La Belgique a cette particularité de mener deux plans stratégiques nationaux dans le cadre de la Pac 2023-2027. Pour les agriculteurs wallons, une disposition mise en place dans le cadre des bonnes conduites agroenvironnementales (BCAE) pose un problème. La BCAE 5 vise à orienter les agriculteurs vers des pratiques de conservation des sols et de prévention de l’érosion. Si du côté flamand, la conditionnalité des aides aux mesures anti-érosion s’applique depuis 2015, cette obligation n’entre en vigueur que cette année en Wallonie. Les agriculteurs devront modifier la conduite des parcelles estimées à risque.

Des orientations complexes

Pour les terres agricoles classées à risque élevé, très élevé ou extrême d’érosion, les agriculteurs vont devoir créer des bandes anti-érosion, des couverts végétaux ou encore des « interlignes végétalisées » pour les prairies permanentes. Ils sont également incités à scinder certaines parcelles pour délimiter la partie la plus à risque, quitte à ne plus l’exploiter. Des orientations jugées complexes et qui sont surtout liées à une cartographie officielle des zones à risque d’érosion, largement remise en cause par les agriculteurs.

Les syndicats remontés

Si les agriculteurs wallons ne s’opposent pas sur le principe à ces mesures de lutte contre l’érosion, la méthode ne plaît pas.

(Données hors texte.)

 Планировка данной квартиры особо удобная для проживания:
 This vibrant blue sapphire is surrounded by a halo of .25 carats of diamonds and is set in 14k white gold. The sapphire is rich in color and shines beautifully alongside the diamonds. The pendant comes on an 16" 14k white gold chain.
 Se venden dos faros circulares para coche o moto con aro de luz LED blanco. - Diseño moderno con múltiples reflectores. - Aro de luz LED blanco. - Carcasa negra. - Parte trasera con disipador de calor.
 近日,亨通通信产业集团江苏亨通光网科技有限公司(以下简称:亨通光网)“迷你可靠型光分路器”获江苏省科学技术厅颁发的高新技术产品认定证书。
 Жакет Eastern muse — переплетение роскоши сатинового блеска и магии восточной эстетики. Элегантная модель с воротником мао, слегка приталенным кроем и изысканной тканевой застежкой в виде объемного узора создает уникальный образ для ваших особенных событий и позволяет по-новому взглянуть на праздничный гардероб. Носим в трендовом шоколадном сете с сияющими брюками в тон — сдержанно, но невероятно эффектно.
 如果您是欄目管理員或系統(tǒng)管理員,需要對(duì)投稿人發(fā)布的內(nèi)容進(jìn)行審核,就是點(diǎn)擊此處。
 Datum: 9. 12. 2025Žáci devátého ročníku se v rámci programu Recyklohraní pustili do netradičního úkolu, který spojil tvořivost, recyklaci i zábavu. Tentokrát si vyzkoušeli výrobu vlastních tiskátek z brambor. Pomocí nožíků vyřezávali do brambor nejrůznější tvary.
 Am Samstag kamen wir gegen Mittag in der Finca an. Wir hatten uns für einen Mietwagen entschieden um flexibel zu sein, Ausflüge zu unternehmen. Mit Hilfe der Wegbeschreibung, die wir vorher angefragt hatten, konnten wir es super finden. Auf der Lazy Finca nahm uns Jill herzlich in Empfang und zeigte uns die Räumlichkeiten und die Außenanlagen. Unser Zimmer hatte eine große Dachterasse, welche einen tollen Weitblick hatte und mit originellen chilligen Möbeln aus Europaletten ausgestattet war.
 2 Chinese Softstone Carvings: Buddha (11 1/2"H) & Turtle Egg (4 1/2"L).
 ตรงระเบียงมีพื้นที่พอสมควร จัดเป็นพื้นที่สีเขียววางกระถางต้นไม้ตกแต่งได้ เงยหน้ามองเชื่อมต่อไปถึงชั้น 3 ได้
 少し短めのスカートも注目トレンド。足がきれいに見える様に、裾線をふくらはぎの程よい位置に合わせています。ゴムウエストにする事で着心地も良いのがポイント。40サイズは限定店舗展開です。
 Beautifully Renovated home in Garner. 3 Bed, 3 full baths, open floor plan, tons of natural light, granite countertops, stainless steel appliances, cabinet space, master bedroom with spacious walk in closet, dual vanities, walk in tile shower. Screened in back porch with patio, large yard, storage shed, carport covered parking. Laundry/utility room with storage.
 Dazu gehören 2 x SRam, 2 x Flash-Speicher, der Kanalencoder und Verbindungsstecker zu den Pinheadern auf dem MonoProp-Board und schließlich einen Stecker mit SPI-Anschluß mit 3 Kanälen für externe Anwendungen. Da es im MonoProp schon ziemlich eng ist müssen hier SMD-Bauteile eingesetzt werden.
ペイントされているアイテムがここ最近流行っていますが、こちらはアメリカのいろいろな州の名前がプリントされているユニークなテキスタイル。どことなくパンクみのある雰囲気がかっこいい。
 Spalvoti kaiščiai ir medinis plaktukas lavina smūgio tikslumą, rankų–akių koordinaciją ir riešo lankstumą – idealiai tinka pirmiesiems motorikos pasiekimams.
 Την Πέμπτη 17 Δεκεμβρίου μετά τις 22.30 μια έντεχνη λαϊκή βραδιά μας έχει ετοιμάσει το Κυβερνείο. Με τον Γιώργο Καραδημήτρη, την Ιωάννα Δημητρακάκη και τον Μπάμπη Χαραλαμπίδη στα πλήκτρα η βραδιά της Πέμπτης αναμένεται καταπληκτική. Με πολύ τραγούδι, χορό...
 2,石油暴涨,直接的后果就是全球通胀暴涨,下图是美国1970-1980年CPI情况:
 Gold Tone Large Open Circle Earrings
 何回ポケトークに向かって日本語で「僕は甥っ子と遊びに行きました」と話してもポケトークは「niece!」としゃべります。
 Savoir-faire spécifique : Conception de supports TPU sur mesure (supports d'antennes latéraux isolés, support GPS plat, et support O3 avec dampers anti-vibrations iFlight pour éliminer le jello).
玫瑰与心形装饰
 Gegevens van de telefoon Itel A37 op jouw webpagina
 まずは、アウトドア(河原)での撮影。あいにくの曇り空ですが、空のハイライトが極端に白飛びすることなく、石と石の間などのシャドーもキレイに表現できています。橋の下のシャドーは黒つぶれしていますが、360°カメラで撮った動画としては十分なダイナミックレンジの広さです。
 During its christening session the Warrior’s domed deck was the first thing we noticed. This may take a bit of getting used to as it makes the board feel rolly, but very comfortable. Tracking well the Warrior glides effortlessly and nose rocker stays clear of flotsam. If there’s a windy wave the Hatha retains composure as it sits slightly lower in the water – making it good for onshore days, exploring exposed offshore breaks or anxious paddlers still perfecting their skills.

Plusieurs manifestations ont eu lieu ces dernières semaines, mises sur pied par les organisations syndicales. Marianne Streel, présidente du syndicat de la Fédération wallonne de l’agriculture (FWA), s’inquiète notamment de la baisse de production qui pourrait en découler. « Notre agriculture familiale prend de plein fouet toute une série de conséquences en cascade qui mettent en péril sa durabilité économique, environnementale et sociale », s’alarme-t-elle.

Sous la pression des syndicats, un groupe de travail a été mis en place par le ministre de l’Agriculture wallon, Willy Borsus, avec son cabinet, les syndicats et l’Administration. Le ministre a en outre entrouvert la porte à une révision de la cartographie. « La carte de sensibilité à l’érosion a été établie sur base d’un modèle de calcul solide scientifiquement. Mais elle s’appuie sur une évaluation des sols nus et ça révèle un problème entre l’approche théorique et son approche sur le terrain », admet-il.

La justice en dernier recours

La FWA ne met toutefois pas tous ses œufs dans le même panier et se prépare à saisir la justice si les discussions du groupe de travail n’aboutissent pas. « Modifier, amender à très court terme cette BCAE 5 ainsi qu’atténuer ses effets négatifs sur notre agriculture est plus qu’une exigence », prévient Marianne Streel. Les terres wallonnes perdent en moyenne 2,3 tonnes de sol par hectare non artificialisé chaque année, un total qui a atteint 4 tonnes par hectare en 2021.